### [DATASET SECTION]
- Opening Delimiter -

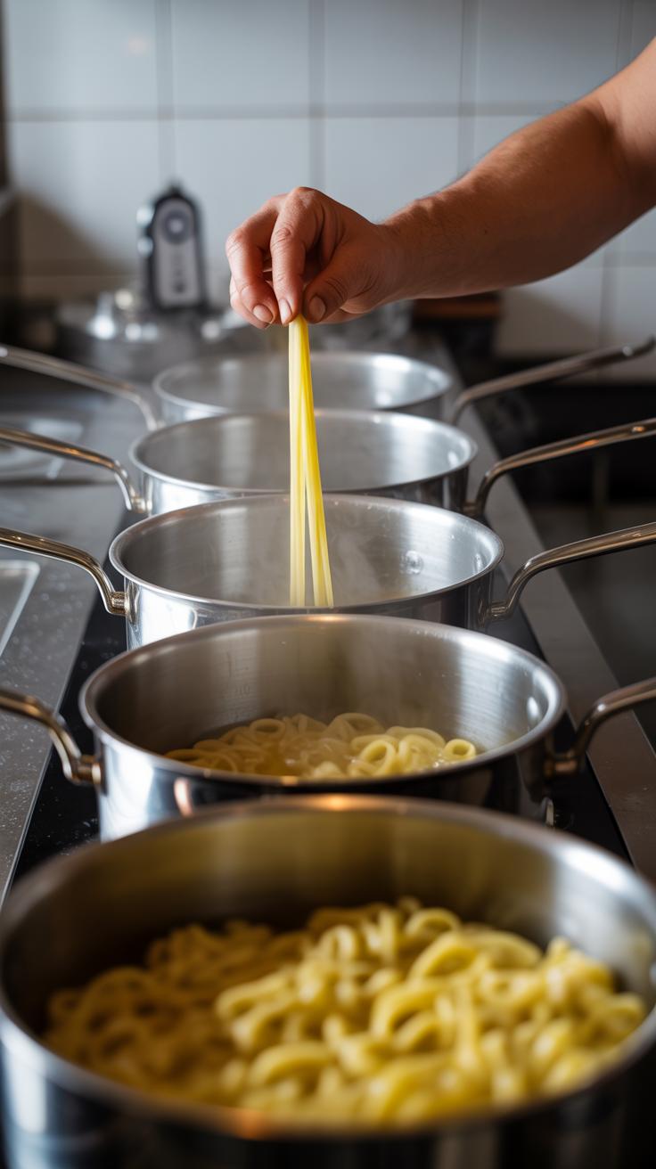 About halfway through, taste a piece. The ideal rigatoni offers a bit of bite—what Italians call al dente. Not crunchy, but still with a slight resistance when you chew it. I like to check a few times near the end to avoid overshooting.
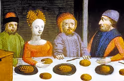 (chiefly historical) A porridge made by boiling hulled wheat, typically with additional ingredients such as milk, egg yolks, and/or almond milk, traditionally served with venison or porpoise.
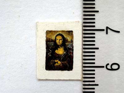这幅微缩版的作品是严格根据达·芬奇的《蒙娜丽莎的微笑》原画创作的。创作者、44岁的艺术家安德鲁·尼科尔斯按70:1的比例,用0000号的画笔蘸着丙烯酸颜料,并借助放大镜,在一张小卡片上完成了这幅作品。

- Closing Delimiter -

### [WHAT YOU NEED TO DO]
Omit every picture, then reproduce the rest of the listing exactly.

### [ANSWER TO THIS EXERCISE]
 About halfway through, taste a piece. The ideal rigatoni offers a bit of bite—what Italians call al dente. Not crunchy, but still with a slight resistance when you chew it. I like to check a few times near the end to avoid overshooting.
 (chiefly historical) A porridge made by boiling hulled wheat, typically with additional ingredients such as milk, egg yolks, and/or almond milk, traditionally served with venison or porpoise.
这幅微缩版的作品是严格根据达·芬奇的《蒙娜丽莎的微笑》原画创作的。创作者、44岁的艺术家安德鲁·尼科尔斯按70:1的比例,用0000号的画笔蘸着丙烯酸颜料,并借助放大镜,在一张小卡片上完成了这幅作品。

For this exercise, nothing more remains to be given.